Kimberley – Tearing freshly packed morogo (wild spinach leaves) into an orange plastic bowl, Kathrina Olivier remained unapologetic about her decision not to vote in the upcoming local government elections on August 3.
"I have been living here for four years and we are still struggling - nothing has improved in this area," the 34-year-old told News24 on Monday, at her home in the Thomson informal settlement, about 40km outside Kimberley in the Northern Cape.
Dressed in a white T-shirt and blue jeans, Olivier sat on a chair outside her neighbour’s shack, slowly tearing her morogo with her bare hands as she prepared a meal for her family.
When asked whether she was voting in the upcoming local elections, Olivier - who first spoke in Afrikaans and then switched to Tswana - scratched her head and said, "there is no use in voting".
"The ANC has failed us. They were here yesterday [Sunday] making more promises, but we don't trust anyone," she said.
In the dry and dusty informal settlement, the struggle for service delivery has come down to casting a ballot or not, for some residents.
Nearby, a group of young boys were playing soccer on a dusty field lined with dried yellow grass.
Two adults and a child slowly walked past the field, carrying firewood stuffed inside plastic bags.
"The only party that we know is the ANC, and if I don’t want to vote for the ANC, then I am not voting for anyone else,” said Safariena Thisi, while playing cards with a young girl, close to her neatly kept shack.
The shack’s lounge was decorated with pictures of her daughter’s wedding, at least two crucifixes, drinking glasses and a painting of The Last Supper.
Thisi told News24 that the only time she saw change in the area was when the late Nelson Mandela was president.
The 66-year-old pointed at a primary school, a few metres from her home, and said the community had fought to get it.
Thisi has been living in the informal settlement for 16 years.
"I am not voting. I have had enough of empty promises.
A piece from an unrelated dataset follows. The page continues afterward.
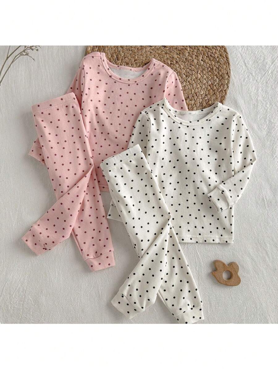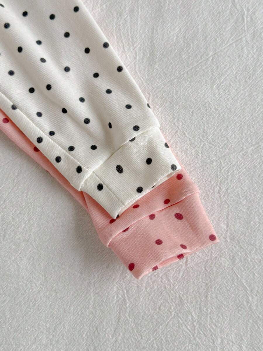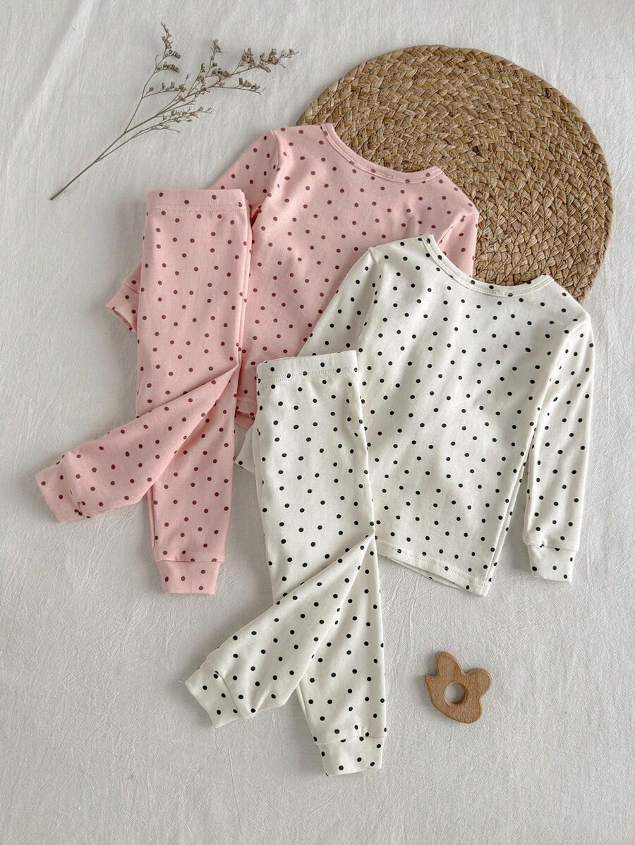 Loomiva conjunto de 4 piezas de pijama ajustado para bebe nina - parte superior de punto de cuello redondo de manga larga con estampado de lunares y pantalones largos de cintura elastica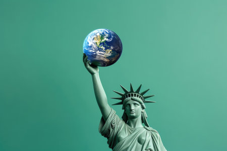 Statue of Liberty with the Earth in her hands on a blue background. Earth Day Concept.

I don't see any use in voting because government is not doing anything for us. I don’t want to vote for any political party," she said, while glancing at her hands and rubbing her knees repeatedly.
"People die in this area because ambulances don’t reach us on time – we don’t have access to water and electricity and we have been voting for those things for a while – in this past five years, we are still crying for the same things even today."
Describing their plight, Thisi said water, electricity and toilets were a major concern in the area.
“Those things don’t satisfy us and the ANC is lying to us and they want us to listen to their promises. I am fed up; 16 years living in [an informal settlement] and we are still in darkness. We are struggling. We don’t have toilets. We dug our own toilets."
Another woman, who was seen hanging clothes a few metres away on the line, said she was unsure if she wanted to participate in the upcoming local elections.
The visibly shy elderly woman refused to comment further, then turned back to continue with her laundry, while her two dogs lay in the sun and a rooster roamed the yard.
A few metres from where she was, a group of young men gathered and a young boy pushed a wheelbarrow with empty buckets in it.